On 1 July 2023, the Transfer Balance Cap is set to increase from $1.7m to $1.9m. These changes may affect the superannuation strategy you currently have in place.

Our financial advisory team at Liston Newton Advisory is here to help you plan for your future. Get in touch with us to discuss how these changes affect your superannuation.

The Transfer Balance Cap explained

During the accumulation phase of your super, that is, during your working life, your superannuation gets taxed at 15% on its earnings. When you transfer into retirement—your pension phase—all your earnings are tax-free.

When you retire, you can choose to access your superannuation either as a lump sum, an income stream, or a combination of both these measures. The Transfer Balance Cap (TBC) puts a lifetime limit on the amount of money you can transfer into a retirement income stream.

It gets calculated, or indexed, at the time you transfer funds into your pension phase. This figure is the amount that counts towards the TBC, regardless of any fluctuations on the market value of your pension balance.

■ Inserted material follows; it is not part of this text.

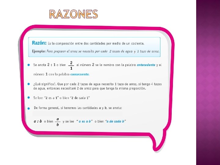 1. - Lea las siguientes situaciones, explique qué significa y escriba la razón según corresponda: a) Para preparar un queque por 4 tazas de harina se necesita 2 tazas de leche. Esto significa que por ______ tazas de harina se necesitan _______ de leche. Se escribe ______: ______ o bien _____ b) En el colegio tengo 4 horas de clases de Ciencias Naturales y 6 de Matemática Esto significa que por cada ______ horas de clases de Ciencias Naturales tengo ______ Horas de Matemática. Se escribe ______: ______ o bien ____

That limit currently sites at $1.7 million per individual. From 1 July 2023, this will increase to $1.9 million per individual.

What the Transfer Balance Cap increase means

Unfortunately, this increase to the TBC may not benefit everyone. 

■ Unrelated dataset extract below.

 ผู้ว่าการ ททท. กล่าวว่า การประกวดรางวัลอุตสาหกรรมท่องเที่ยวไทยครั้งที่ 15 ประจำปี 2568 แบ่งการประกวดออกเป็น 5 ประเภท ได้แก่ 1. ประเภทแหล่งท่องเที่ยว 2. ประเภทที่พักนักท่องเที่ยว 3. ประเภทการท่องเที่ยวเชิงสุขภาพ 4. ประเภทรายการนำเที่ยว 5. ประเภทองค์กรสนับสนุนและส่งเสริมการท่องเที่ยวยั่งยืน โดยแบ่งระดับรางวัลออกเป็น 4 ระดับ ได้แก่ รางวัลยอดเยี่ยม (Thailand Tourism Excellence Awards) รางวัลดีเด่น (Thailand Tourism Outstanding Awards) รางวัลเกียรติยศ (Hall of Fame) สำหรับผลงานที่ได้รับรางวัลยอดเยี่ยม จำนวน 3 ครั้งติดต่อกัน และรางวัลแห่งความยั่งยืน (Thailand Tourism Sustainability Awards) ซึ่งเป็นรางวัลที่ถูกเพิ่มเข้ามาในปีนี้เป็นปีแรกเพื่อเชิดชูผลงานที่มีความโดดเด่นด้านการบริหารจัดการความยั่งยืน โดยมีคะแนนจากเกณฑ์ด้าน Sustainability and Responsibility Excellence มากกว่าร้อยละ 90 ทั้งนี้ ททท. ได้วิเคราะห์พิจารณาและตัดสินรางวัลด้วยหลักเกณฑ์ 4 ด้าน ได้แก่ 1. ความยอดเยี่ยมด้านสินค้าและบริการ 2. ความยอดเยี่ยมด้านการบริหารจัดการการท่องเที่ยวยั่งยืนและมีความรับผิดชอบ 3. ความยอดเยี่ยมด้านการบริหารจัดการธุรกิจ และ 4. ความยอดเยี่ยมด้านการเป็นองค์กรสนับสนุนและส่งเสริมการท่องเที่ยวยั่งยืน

If you haven’t started a pension

Those who haven’t started their pension at the changeover date are entitled to receive the full benefit from this increase.

If you’ve already used the full TBC

Those who have already fully utilised their TBC won’t benefit in any way, shape, or form. They’re still considered to have reached their TBC.

If you’ve only used part of your TBC

The complexity starts for those individuals in between, who have only used a portion of their TBC. They’re entitled to a proportional increase only.

The remaining unused TBC available to them will be calculated as a percentage of their original cap. The $200k increase will be multiplied by this percentage amount. The resulting dollar figure is added to their original TBC as the amount they can now access.

Example

Peter started a pension in 2022 with $1,275,000, with an original TBC of $1.7 million. This means he has $425,000 remaining towards his TBC, or 25%.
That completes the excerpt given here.